• _Work task_
Once you find the line below that has "Folding Landing Net- Rubber/Silicone", output it and every line after it exactly, stopping after the line that has "A button featuring", with no pictures.

+++ Source data

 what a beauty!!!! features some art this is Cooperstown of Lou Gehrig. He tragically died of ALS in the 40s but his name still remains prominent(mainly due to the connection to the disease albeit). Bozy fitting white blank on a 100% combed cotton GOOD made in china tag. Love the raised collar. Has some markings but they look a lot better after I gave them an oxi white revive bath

++++++
+++ Source data

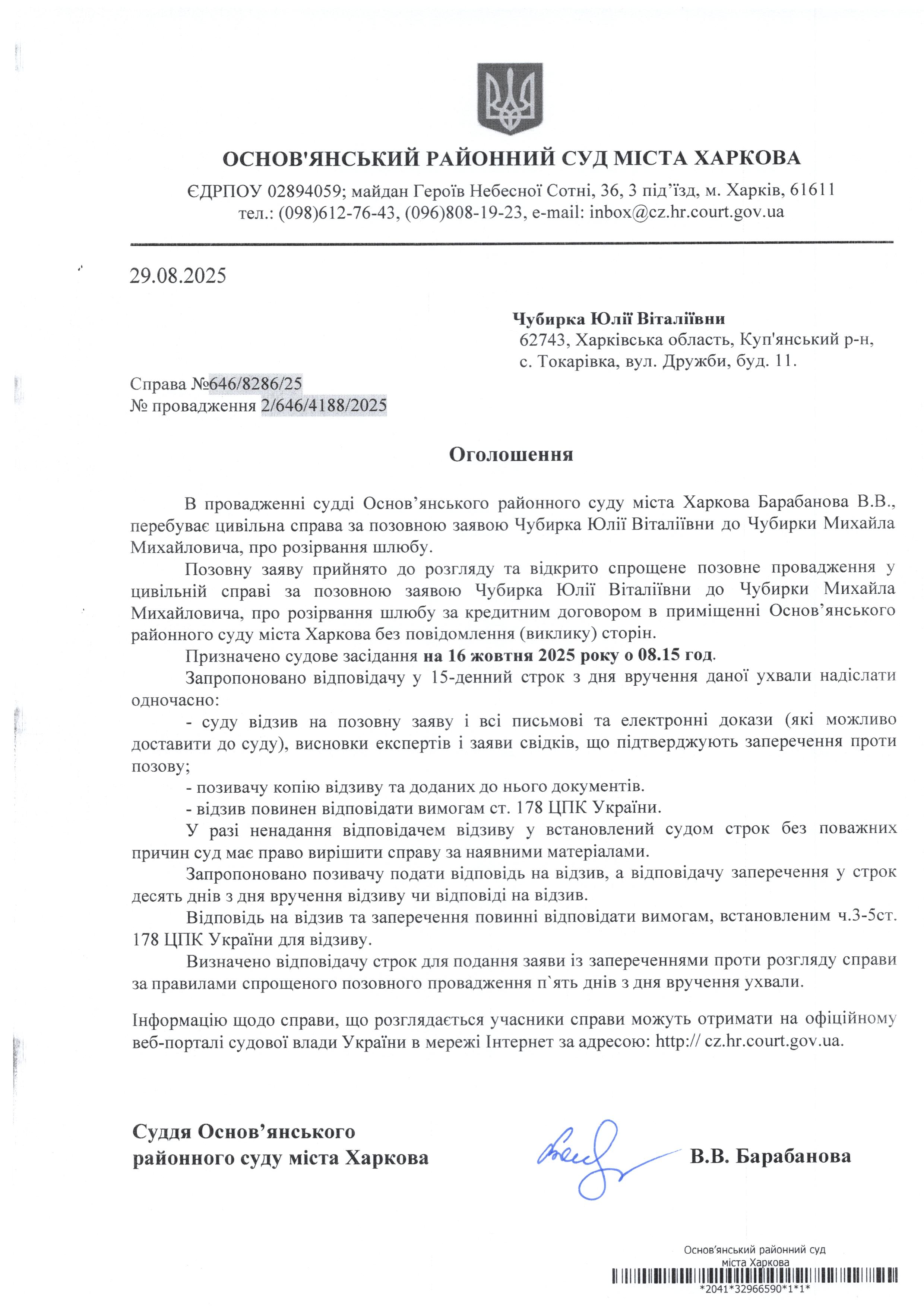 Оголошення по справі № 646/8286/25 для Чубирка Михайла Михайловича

++++++
+++ Source data

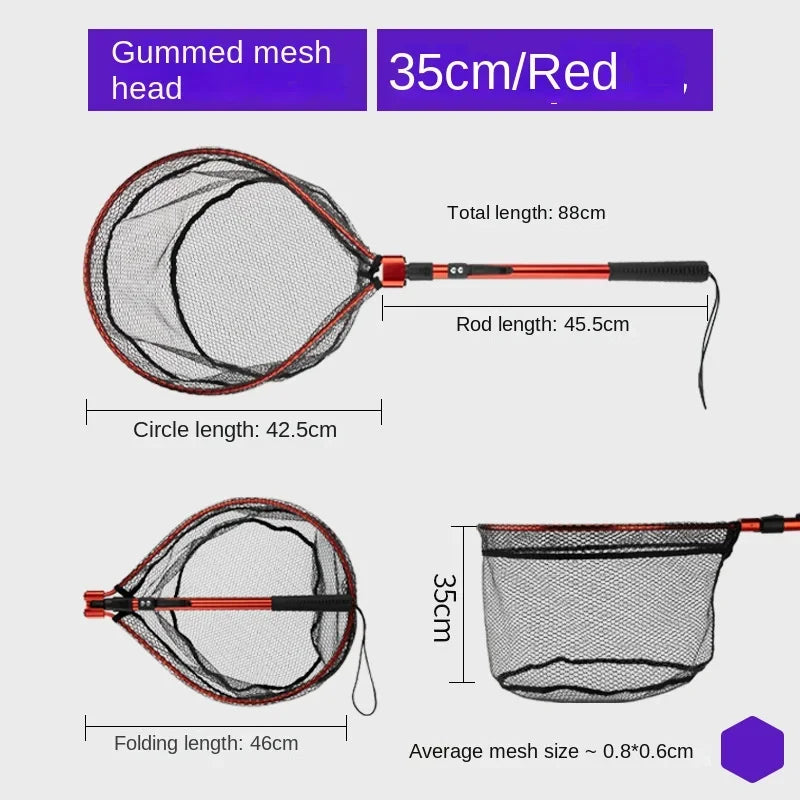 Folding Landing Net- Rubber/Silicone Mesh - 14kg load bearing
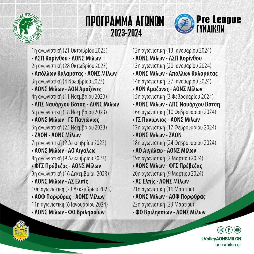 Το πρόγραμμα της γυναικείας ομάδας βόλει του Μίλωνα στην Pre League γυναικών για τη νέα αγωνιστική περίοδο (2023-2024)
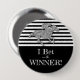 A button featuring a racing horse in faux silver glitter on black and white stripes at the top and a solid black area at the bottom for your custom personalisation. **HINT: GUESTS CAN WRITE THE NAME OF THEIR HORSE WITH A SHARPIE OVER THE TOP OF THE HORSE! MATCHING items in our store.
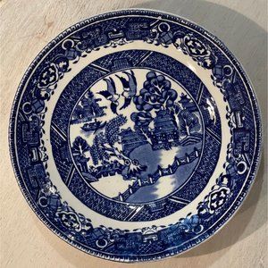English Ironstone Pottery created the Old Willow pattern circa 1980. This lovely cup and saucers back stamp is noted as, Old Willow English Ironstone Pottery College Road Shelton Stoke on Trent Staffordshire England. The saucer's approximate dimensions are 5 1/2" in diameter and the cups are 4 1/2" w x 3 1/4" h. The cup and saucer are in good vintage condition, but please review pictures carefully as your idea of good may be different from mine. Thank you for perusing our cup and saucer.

++++++

• _Answer box_
 Folding Landing Net- Rubber/Silicone Mesh - 14kg load bearing
 Το πρόγραμμα της γυναικείας ομάδας βόλει του Μίλωνα στην Pre League γυναικών για τη νέα αγωνιστική περίοδο (2023-2024)
 A button featuring a racing horse in faux silver glitter on black and white stripes at the top and a solid black area at the bottom for your custom personalisation. **HINT: GUESTS CAN WRITE THE NAME OF THEIR HORSE WITH A SHARPIE OVER THE TOP OF THE HORSE! MATCHING items in our store.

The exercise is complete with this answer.